Eriophyd mite in coconuts is controlled.
Rhinoceros beetle in coconuts is controlled.
Tea mosquito bugs, nut borers, leaf miners, webber, leaf folders and flower thrips
in cashews are controlled.
Caterpillars and bugs in vegetables are controlled.
With cow urine included the fungus attack in guavas is eliminated.
With a preparation of fish meal and EM, fungus in mangoes is controlled
In tomatoes and brinjal, bacteria wilt is controlled.
In orchids, virus-bacteria and fungus are controlled.
The most dramatic results were in citrus species affected by Gummosis (Diplodia
natalensis);used together with copper sulfate, all of them recovered from very bad
damage.
Fruit trees affected by Phytophthora nicotianae and Anthracnose (Colletotrichum
gloeosporioides), (two of the most virulent pathogens) are controlled.
During monsoon, fungus attack on human feet is eradicated.
Terminology notes
"Effective Microorganisms" is actually a trademark name for a general type of product
available from a variety of sources. "EM" is commonly used as a generic term for the
concept. Since the mid-1980s, microbial inoculants have also been produced and
distributed internationally by Dr. Higa's students and by SKK (Sekai Kyusei Kyo), and
also by organizations affiliated with SKK, such as INFRC (International Nature Farming
Research) and APNAN (Asia Pacific Natural Agriculture Network).
Because Teruo Higa (and his company EMRO) spread the technology he developed with
the term Effective Microorganisms™, this term is also used by many people to refer to
the general concept (see genericized trademark). Only the trademark is the property of the
company, not the organisms that compose the product. Examples of similar commercial
products are Biosa™ and Efficient Microbes™.

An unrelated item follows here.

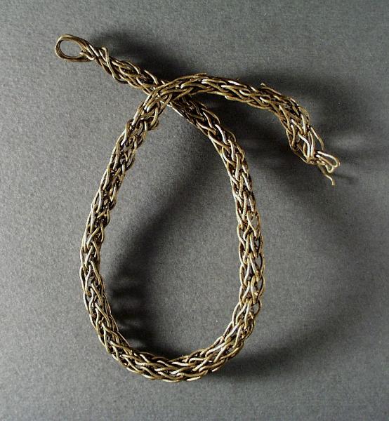Halskedja av flätade, förgyllda bronstrådar.

It sometimes becomes problematic and difficult to refer to the concept because of the
trademarks and very often when a new company creates a similar product they give the
concept a new name and trademark it also. Other companies also market similar products,
though because their marketing is not focused as much on the microorganisms, people
often don't associate them with the technology. And companies that also market products
for human use seem to get much more widespread publicity.
Other terms which are sometimes used to refer to the same concept include: "microbial
inoculants", "microbial soil conditioner", "biofertilizer", "compost activator", "soil-based
organisms", "indigenous microorganisms", "beneficial microorganisms", "friendly
microorganisms", "growth-promoting microorganisms" and many others.
The mixture of organisms found in the liquid cultures known as "EM" are often found as
naturally-occurring consortia. The patents on the naturally-occurring consortia appear to
have only been applied for by Dr Higa after 1994, after the technology and methods had
been disseminated to the public via several media and venues.